Заканчивался очередной мой урок рисования, и я спешил удалиться — «по-английски», незаметно. Но, бывало, в этот момент из-за портьеры доносился голос Радлова: «Нет, нет, сегодня вы не улизнете. Пошли пить чай с шоколадным тортом». И как это он угадывал то, чего и самому мне хотелось? После робких отговорок я оставался. Конечно, не ради чая с тортом… Тянуло побыть среди замечательно интересных людей, которые живут искусством, творят его.

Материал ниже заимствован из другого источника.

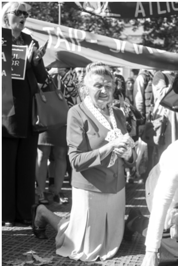
152 Teachers protest. Vilnius, Lithuania. 2018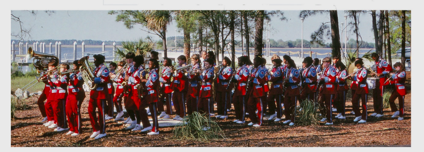
The Lady's Island Middle School Marching Band performed as residents arrived from Beaufort.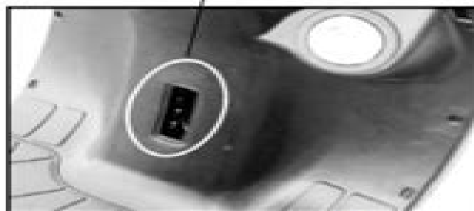
Location of Frame Serial Number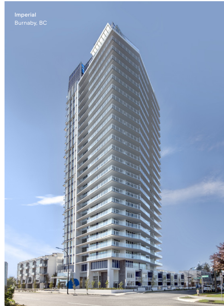
Imperial Burnaby, BC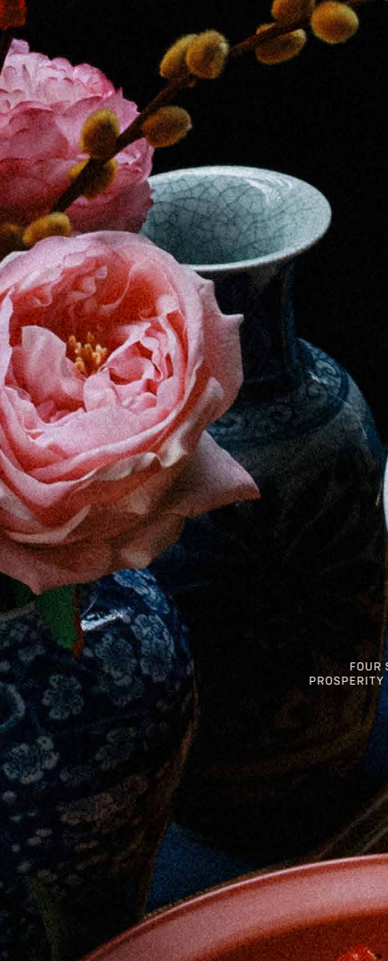
FOUR SEASONS' PROSPERITY YUSHENG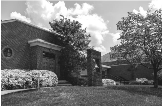
Sanctuary Entrance of the Church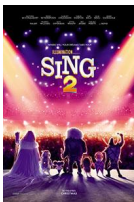
JULY 30 - SING 2

Bring the whole family to enjoy a weekend movie screening at the library.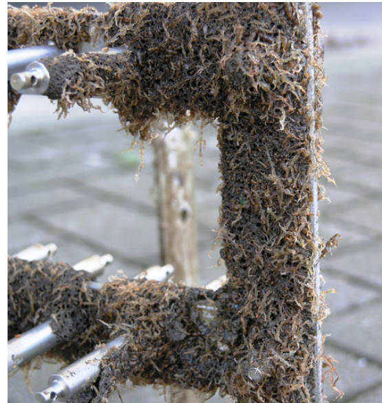
Figure 3. Experimental frame deployed west of Zeebrugge, Belgium in 2007 showing dense aggregations of Caprella mutica after 12 weeks immersion

The abundance of C. mutica on artificial substrata would indicate that conditions on such structures are in some way particularly suited for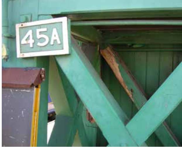
Rot visible in trestle legs on platform 1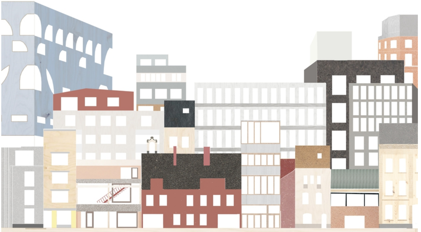
Composite Presence - campaign image © Bovenbouw Architectuur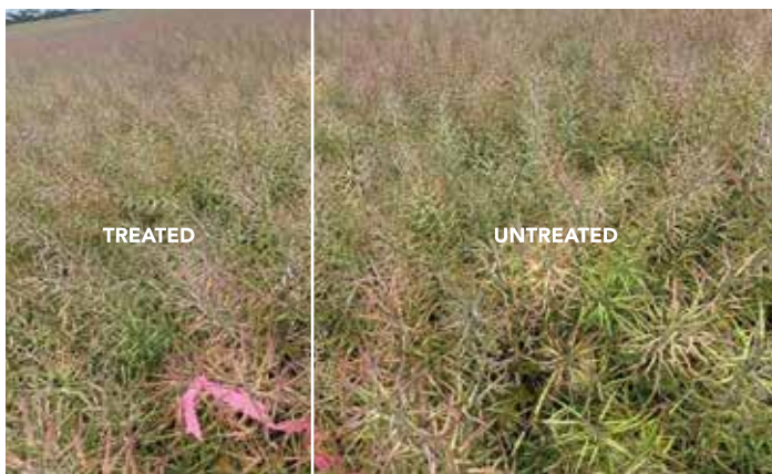
Res+ canola trial - treated and untreated

Кроме самих Зощенко и Радлова и добродушной хозяйки дома, жены Николая Эрнестовича — художницы Н. К. Шведе-Радловой, в этой светлой гостиной часто бывали брат художника Сергей Радлов, выглядевший не таким неприступным, как в своем Молодом театре, его жена, величественная и строгая переводчица Шекспира — Анна Радлова, писательница-комедиограф Елена Тарвид… Разговоры о книгах, о кинофильмах, о театральной жизни.

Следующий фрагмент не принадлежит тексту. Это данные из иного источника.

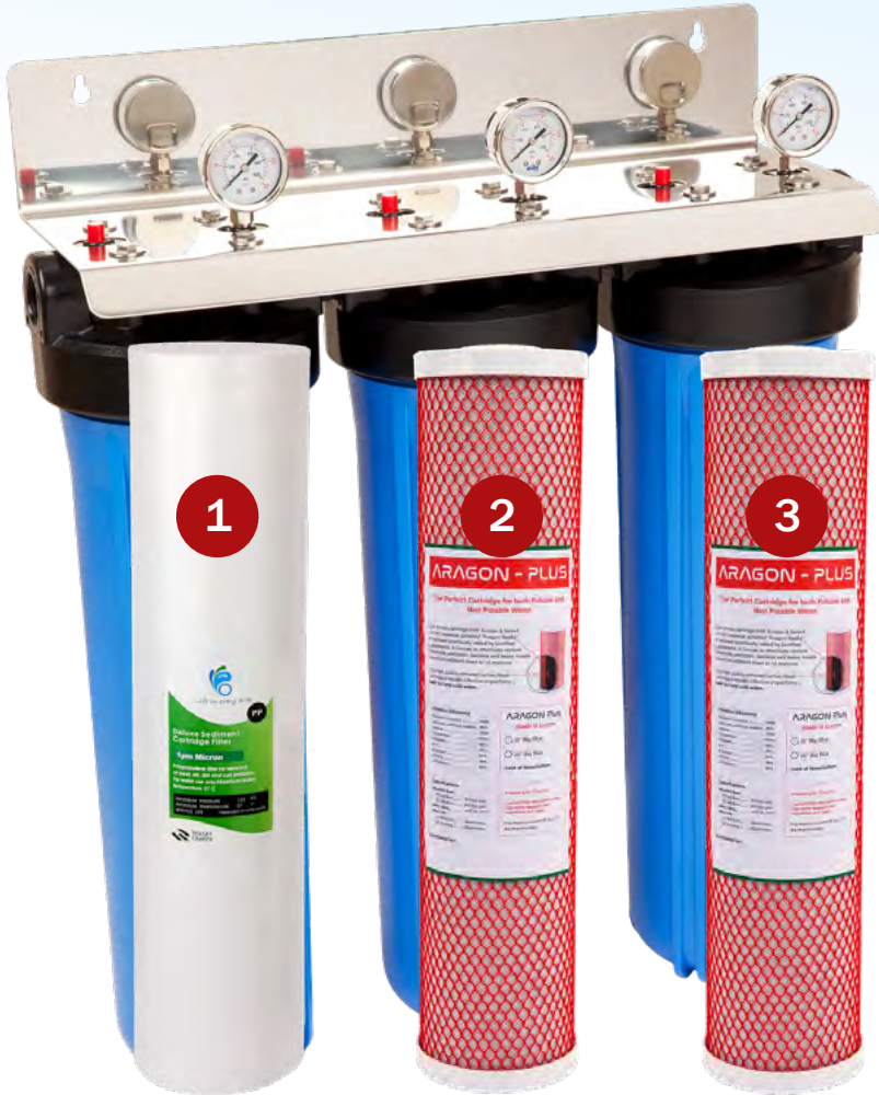
Item No. 4023

Caleffi Pressure Reducing Valves Made in Italy

Однажды завязался спор. Е. Тарвид в пух и прах критикует «Двенадцатую ночь», поставленную режиссером Н. В. Петровым, показывает, как развязно вели себя на сцене актеры.
Зощенко с печальной задумчивостью сидит как раз напротив меня, покуривая длинную папиросу. Он берет под защиту действительно смелую до буйного озорства постановку, говорит, что сам Шекспир был бы счастлив, — ведь так дружно хохочет зал; хвалит работу молодого художника Н. Акимова, оформившего спектакль…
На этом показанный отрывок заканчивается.